Cortizo: Yeah, we’re in touch with them. It’s not only what we think, it’s about their support and their knowledge and how we can keep growing with them. They’re the owners of these games. We stay in touch with them and get feedback on how we can improve the experience we’re creating for their base of users, and at the same time keep up on what will be their next steps so we can be ready for that. The whole team has to be in the loop about the big upcoming changes in esports.
They make the games, and we’re enablers of their games, you could say. We’re also a new channel of revenue. But they need to take care of their IP, and we’re respectful of that at all times.
Where the Latin American esports market is going
GamesBeat: As far as the particular regions that feel strongest to you, are there places in Latin America that stand out in esports? Where is it established, and where is it just getting started?
Cortizo: The top five countries, first of them all is Brazil, just because the size of the market is huge compared to any other country in Latin America. Then comes Mexico in second place, and then you have Argentina, Colombia, and Venezuela. Venezuela, with everything political aside, is a huge market for gaming, and so is Chile.
It’s been a journey. The developers have to believe in the region, but they don’t have the budgets. Their representative offices, they don’t give the big budgets to these markets. But we’re seeing some changes. Riot setting up their offices in Mexico is a huge move. Other companies have partnerships with Riot to work with them there. That’s going to be really interesting. They’re one of the biggest developers in esports, and they have the power to make a big difference. Garena, the developers of Free Fire, those guys have a huge base in Latin America, of course.
GamesBeat: Do you think the particular games that are successful in esports will be any different in Latin America?
Cortizo: One of the things about the region is accessibility. That’s why mobile marketing in Latin America is going to be huge. There was a study from Newzoo showing that by 2032, mobile is going to be the main platform for esports games. By then, some areas will have better 4G connections and others will have 5G. 5G is going to be a game-changer not only for esports, but for everything we do. That aspect of accessibility–paying maybe $300 and being able to play mobile games online is completely different from actually building a PC. Game streaming is going to go mobile.
In this part of the spectrum right now, though–the next generation of consoles is coming up. The capabilities of that are going to be huge. League of Legends has been running consistently with 8 million daily users, but at the same time, the technology is going to be pushing them forward to release a better version, a newer version.
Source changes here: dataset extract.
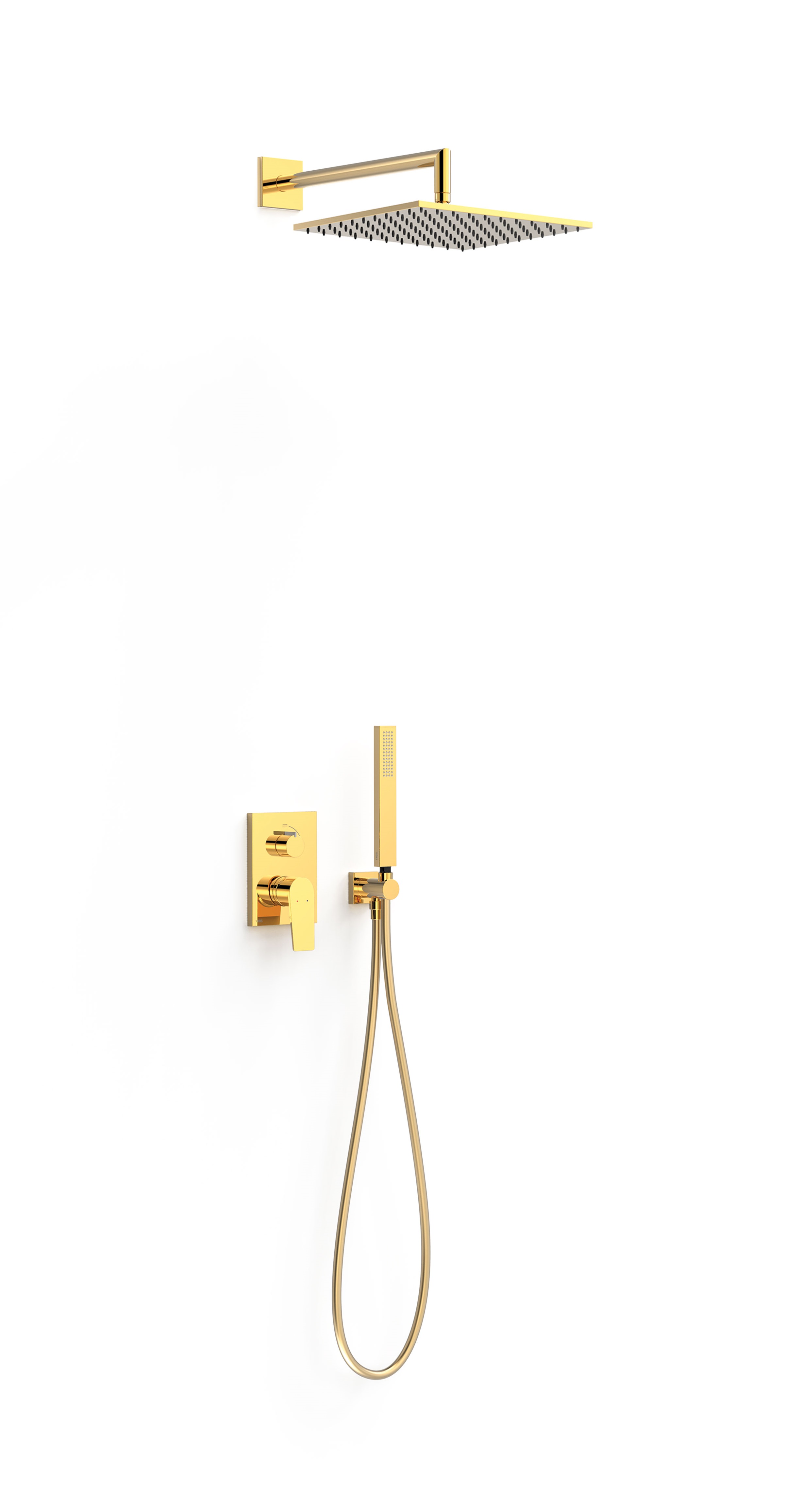 Tres Exclusive Project-Tres zestaw prysznicowy podtynkowy z deszczownicą 30x30 kompletny 24K złoto 21128004OR

We’ll have the traditional esports we see right now, whether it’s PC or console or mobile, the hardware we know. But we’ll also see bigger shows, with technology around augmented reality. Instead of going into a stadium and watching people play a game, you’ll have something like a projection of a football field with the actual game that’s running in the moment. It’ll be a whole new type of entertainment. Then we’ll have virtual reality. You can take the hardware and put yourself into a game that someone in another part of the world is playing. Esports going to become something like cinema, something with a lot of creativity around it, around all three of these technologies.
Right now we’re looking at the first category, traditional video games played on traditional hardware, and people watch other people play those games. But the next 20 years are going to be really interesting in how this evolves. The line between technology and reality is going to fade away. It’s going to become less about the capabilities of technology and more about creativity. That’s what will keep this medium going.